Hello and welcome to the LGBTQ + Intergenerational Dialogue Project! We are thrilled you have found us. This website documents our community engaged project that emerged out of a need to create opportunities for sustained intergenerational dialogues between LGBTQ+ young people and LGBTQ+ seniors; two populations who rarely have the chance to interact. Throughout this website you will read, see, and hear about this work as it has evolved since it started in Fall 2019 in and through dialogues over art, over dinner, through conflicts and in joy.

LGBTQ intergenerational dialogues are neither simple nor easy for a whole range of reasons that we continue to discover. However, it is through staying with these complexities and challenges that we come to find our ways into histories and legacies that have often been excluded from our experiences coming into LGBTQ + communities.

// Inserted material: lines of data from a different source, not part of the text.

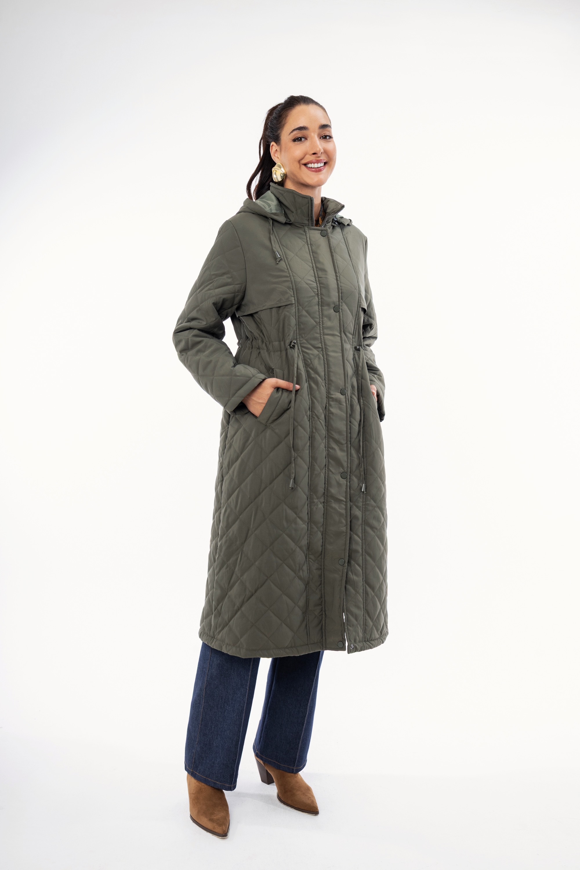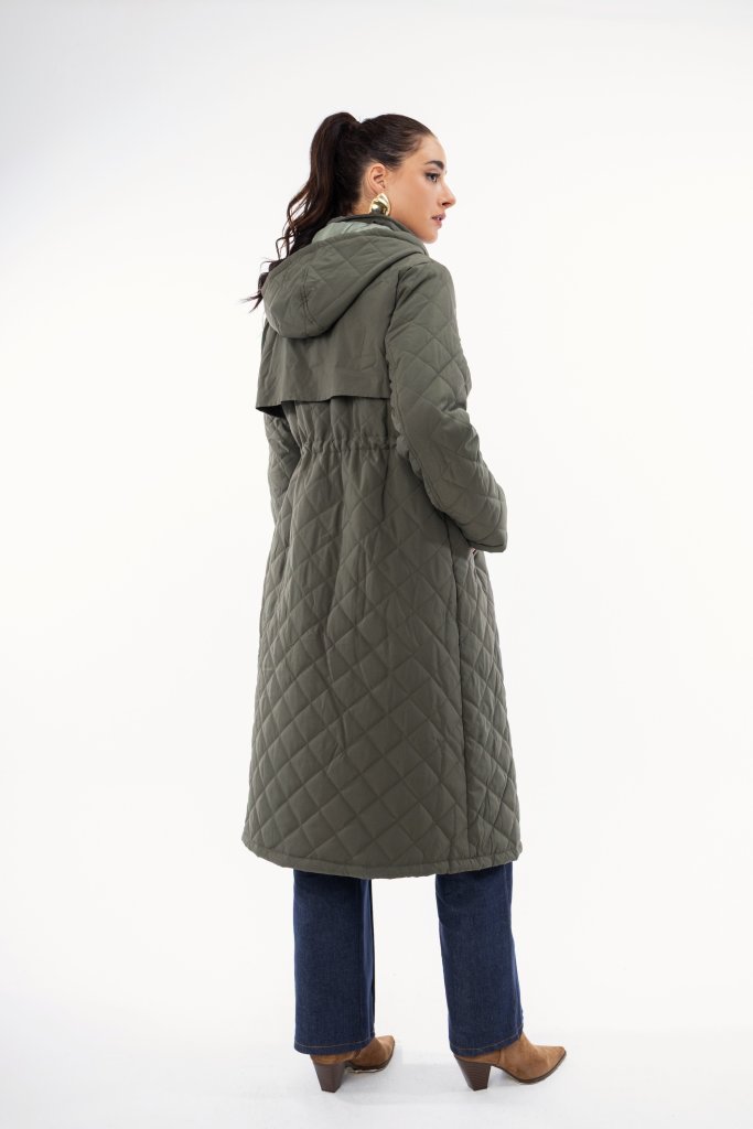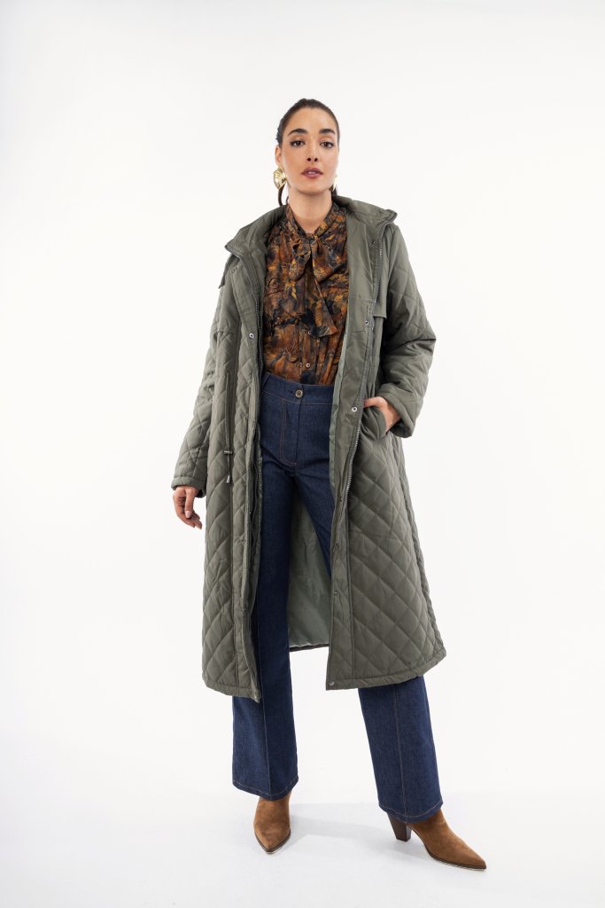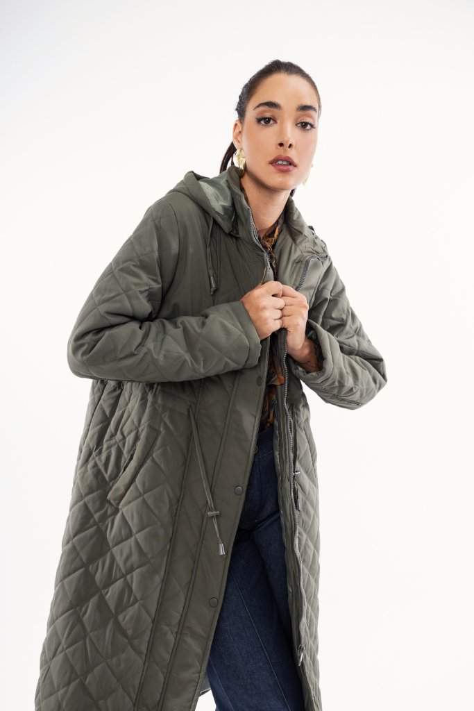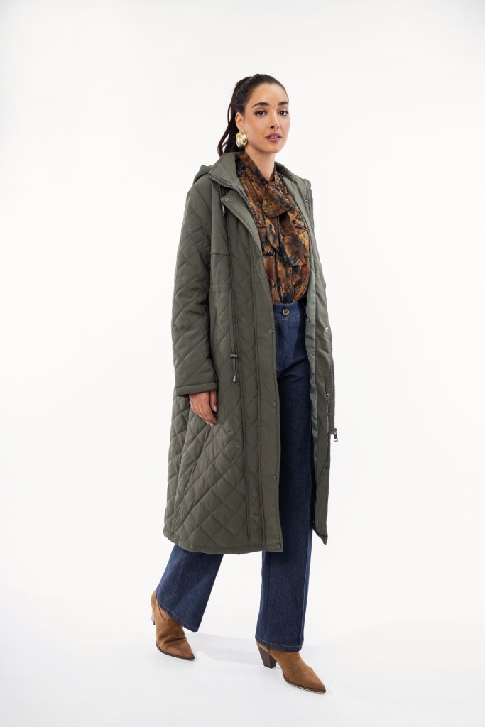 Γυναικείο χακί μπουφάν μακρύ σε καπιτονέ σχέδιο. Κλείσιμο με λειτουργικό φερμουάρ και κουμπιά. Διαθέτει κουκούλα και τσέπες. Μια μονόχρωμη και απλή επιλογή που μπορεί να συνδυαστεί με πολλά σύνολα από το πρωί ως το βράδυ και να σας κρατήσει κομψές και ζεστές.
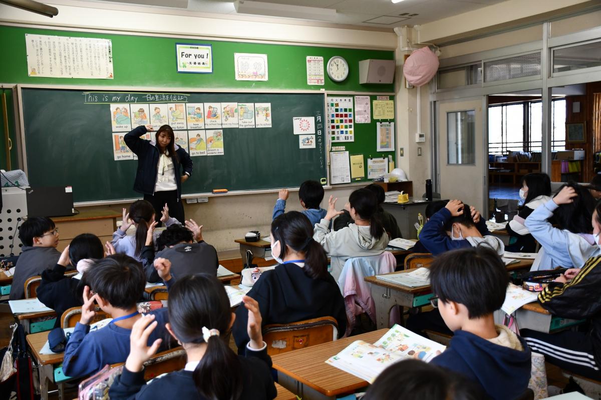 今日は,SAの先生といっしょにやる英会話授業が最後でした。”I wake up.”から始まり,”I dream wonderful deram."まで,一日の生活をジェスチャーを使いながらみんなで楽しく伝えました。4年生は、3年生のときからいっしょに勉強してきました。この2年間で,自分のことを自信をもって英語で話せる子が増えました。5年生からはALTの先生との授業がスタートです。これからも英語の授業,楽しみですね。
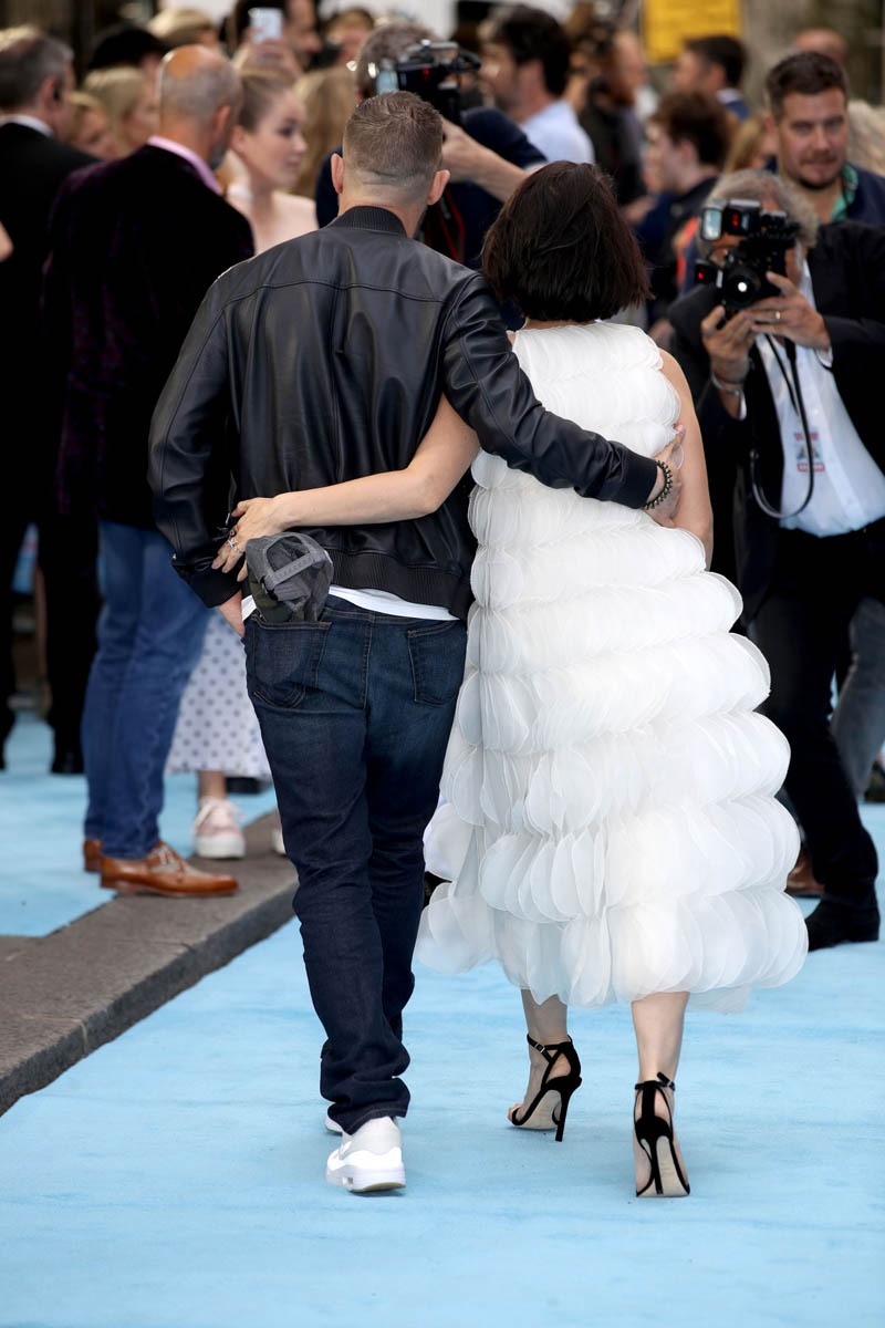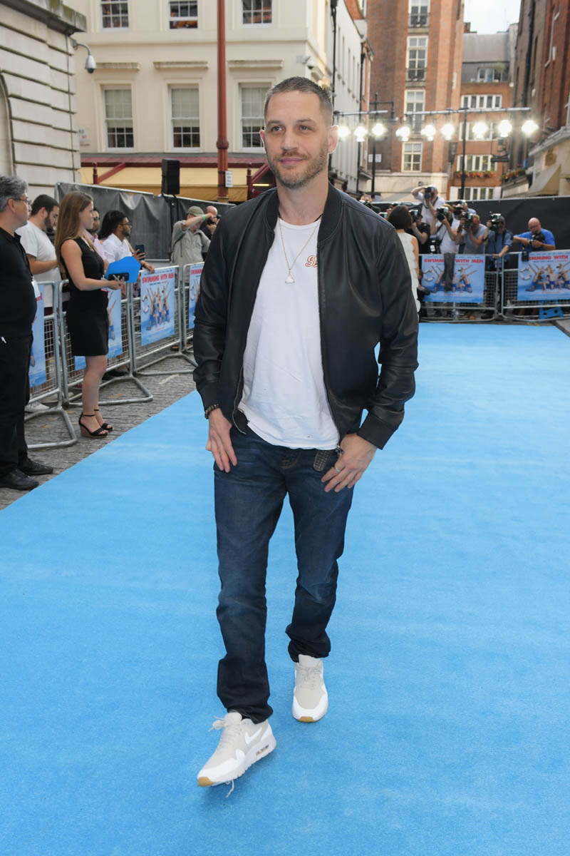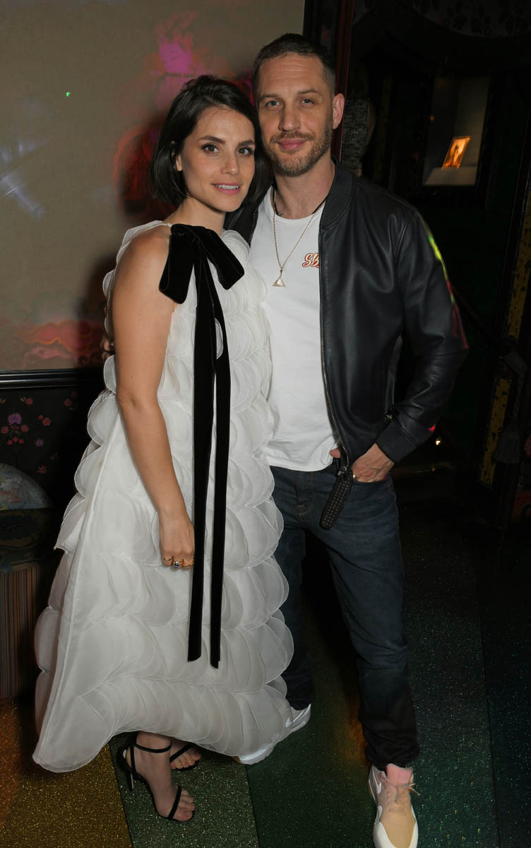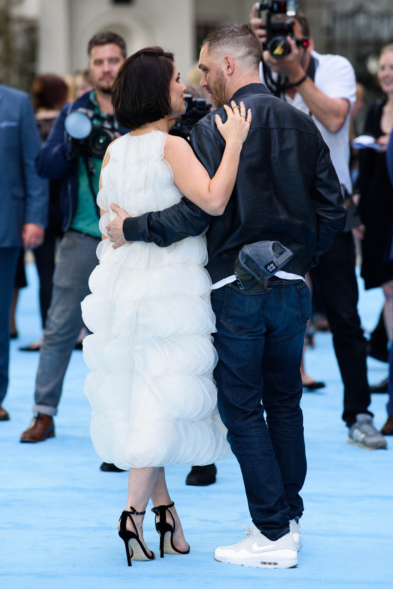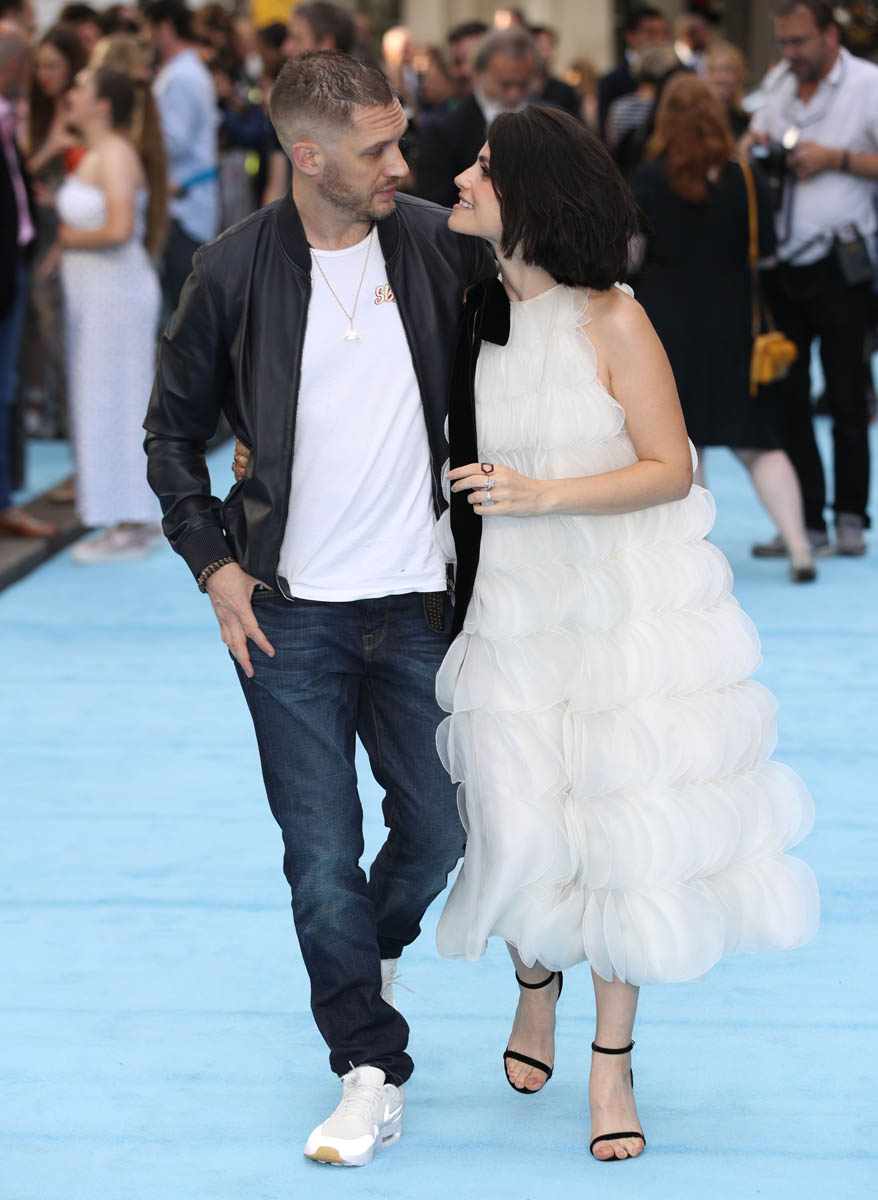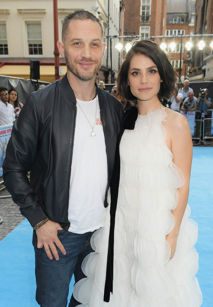 The last time we saw Tom Hardy and Charlotte Riley together was at Prince Harry and Royal Meghan’s wedding in May and he was bald, still working on that Al Capone movie. Tom joined Charlotte last night in London for the premiere of Swimming with Men and the hair has grown back. He looks good. As good as he’s looked in a while and she, holy sh-t, is gorgeous. I quite like her hair too, a little shorter than we’ve seen how she wears it.

Through this work we bridge generations to showcase the knowledge and importance they have in sustaining and creating LGBTQ+ cultures and communities.

What We Do

The project is a partnership between faculty at The School of the Art Institute of Chicago, the University of Illinois at Chicago, the University of Chicago and the senior services program staff at Center on Addison at Center on Halsted. We bring together racially, socioeconomically, and gender diverse cohorts of LGBTQ+ college students and older adults (60+) for a year-long series of bi-weekly themed dialogues, creative work, and shared dinners.
We believe that the fostering of long-term, meaningful intergenerational interactions can significantly strengthen the LGBTQ+ community. Our diversity provides an opportunity to put theories of intersectionality into purposeful action addressing the lived realities of LGBTQ+ people.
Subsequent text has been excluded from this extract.